The residents of the city of Garfield are growing seriously concerned–and majorly stressed–as a result.

For example, there are cats on chairs, cats on cars and lounging cats on pool covers. Not surprisingly, all across the city there are even cats on roofs! They are seen everywhere the eye goes. But the cats seem to be taking over with crazy cat antics and shenanigans.

A relatively smaller town, the city of Garfield is home to roughly 30,000 residents. Councilwoman for the city, Erin Delaney, explains:

“The feral cat issue has reached epidemic proportions. We have to be proactive and work for a way to help both sides,” she says. “I don’t want to be cruel, but it is a health issue.”

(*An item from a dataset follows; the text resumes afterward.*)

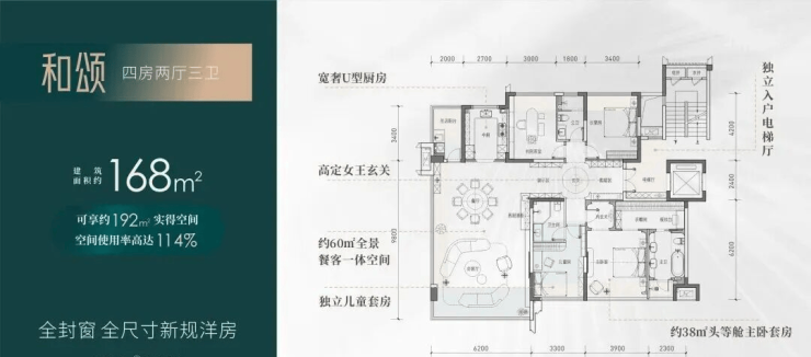 【四房两厅三卫】建筑面积约:168㎡;实得面积约:192㎡;实际得房率114%;相当于旧规226㎡!(旧规户型按85%得房率计算,仅供参考)

GARF, which stands for Garfield Animal Rescue Foundation, was founded by the city’s former mayor, Tana Raymond. To date, the group has been proactive in their TNR efforts. But still the feral feline population is taking over the city. Now the residents have had enough. There are multiple homeless cats defecating in people’s yards. They are mating rampantly and even vomiting in the streets.

Seems like the town of Garfield is stuck in a furever case of the Mondays!

Meet Bonnie Nilsen, AKA the Cat Trapper of Garfield. She explains in detail what it is that she does routinely to help cull the feral feline population of the town:

It’s a proven fact that high intensity TNR boasts incredible results. And there’s no question that Bonnie is incredible, her efforts much applauded. But she is only one person. And she herself can only do so much. Countless residents of Garfield have argued and pleaded their concerns. The former Mayor has reminded many of them that the cats are not the only animals to place blame upon:

“I do understand people might not want them [the cats] defecating on their property,” Raymond said. “There are other animals around, too, though. There are raccoons and skunks. It’s not only cats.”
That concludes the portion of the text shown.